In his Twitter feed, Colby Cosh responds, in part,

>"But to make his case, Phil needs to show that people who NEVER watch hockey enjoy an unearned increment from living near it. Not sold!"

Well, I see what he's getting at, but I don't think you have to require that *everyone* benefits from having the team. You just have to show that the total individual benefits (including the zeros for those who don't care about hockey at all) exceed the total costs.

Another way of interpreting Cosh's argument here (which I don't think is what he actually means, but I'll mention it anyway) is that that there's elements of fairness to consider. If only 10% of Québec residents like hockey, but they really, really LOVE hockey, enough to cover the costs, it might be unfair to tax EVERYONE.

However, you can't really single out individual public goods that way -- you have to look at the sum total of public goods. Good X might favor hockey fans, but good Y (parks) favor mostly active people, and good Z (swimming pools) favor mostly young people. Overall, everyone might be getting a decent deal overall, making up in good A what they lose in good B.

At Wednesday, October 20, 2010 11:46:00 PM, Blogger Ryan said...

There's a big, big gap in your reasoning here.

Assuming a hockey team in Quebec City would generate a consumer surplus not easily captured by free-market mechanisms, note that almost all of that consumer surplus would accrue to the residents of Quebec City, and perhaps the surrounding environs.

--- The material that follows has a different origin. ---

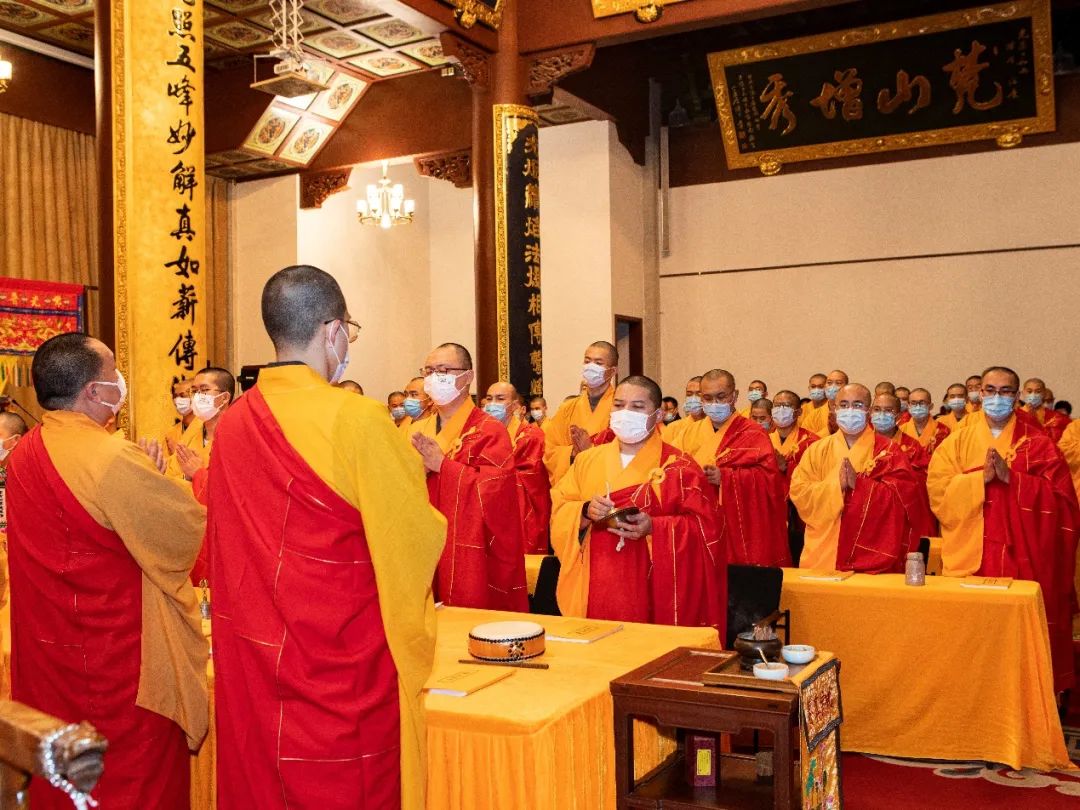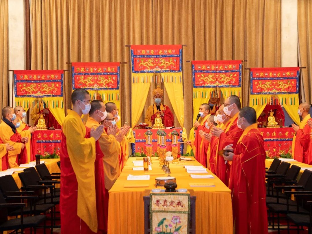 随后,五位金刚上师手指结印、口诵真言、意存观想,加持坛场内种种饮食,以清净甘露法味施予饿鬼道众生,令它们得蒙佛力加持,出离有期。瑜伽焰口法会庄严肃穆,法器和鸣,至晚上10时左右圆满。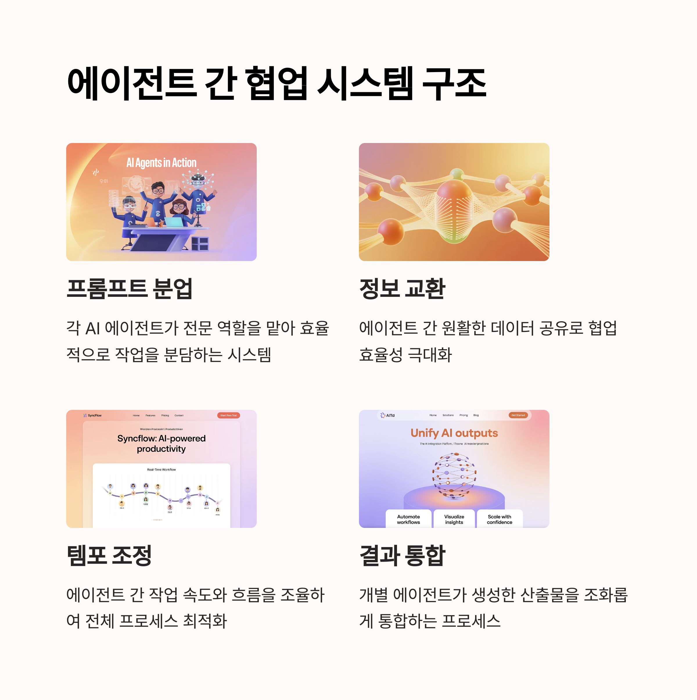 에이전트 간 협업 시스템 구조 (예: 프롬프트 분업, 템포 조정)

I'm pretty sure that most Canadians wouldn't get much consumer surplus from the new Nordiques, and some would enjoy a negative surplus.

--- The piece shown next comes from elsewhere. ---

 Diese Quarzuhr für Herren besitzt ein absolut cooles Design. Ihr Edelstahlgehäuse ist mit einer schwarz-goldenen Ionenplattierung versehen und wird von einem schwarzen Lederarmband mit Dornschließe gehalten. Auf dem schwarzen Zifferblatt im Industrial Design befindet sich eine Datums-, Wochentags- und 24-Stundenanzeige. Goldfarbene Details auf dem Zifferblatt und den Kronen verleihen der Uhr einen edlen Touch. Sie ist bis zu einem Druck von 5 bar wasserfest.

In other words, unless you can identify a substantial number of non-Quebec Canadians who would start rooting for the Nordiques, the federal government should contribute nothing (and the provincial government should look into ways to tax free-riding Nordique fans as specifically as possible).

Finally, the consumer-surplus examples all point to under-monetization by the potential (or actual) hockey team, but it's not as bad as you suggest. Those TV ads have a real, non-zero attention cost, but more importantly, they accrue a real monetary payment (by the advertisers) that really trickles back towards the team. Merchandising and team sponsorship deals and a thousand other little details give sports teams plenty of opportunities to capture those under-monetized fans.

Colby tweeted this more succinctly: to make your case, you need "to show that people who NEVER watch hockey enjoy an unearned increment from living near it."

At Thursday, October 21, 2010 12:05:00 AM, Blogger Phil Birnbaum said...


1. Sure, let the Provincial government do the subsidizing, and if they can find a way to tax fans more than non-fans, have at it! The less non-fans have to pay, the better.

2. As I wrote above, not every subsidy has to be perfect. If it's impossible to avoid taxing non-fans to subsidize fans, that's bad ... but, at the same time, non-public-library-users are taxed to subsidize public library users, and non-park users are taxed to subsidized park users, and so on. I agree with you 100% that the taxes should fall on users as much as possible, but I disagree that you have to reject funding every specific public good just because you can't target users as well as you'd like.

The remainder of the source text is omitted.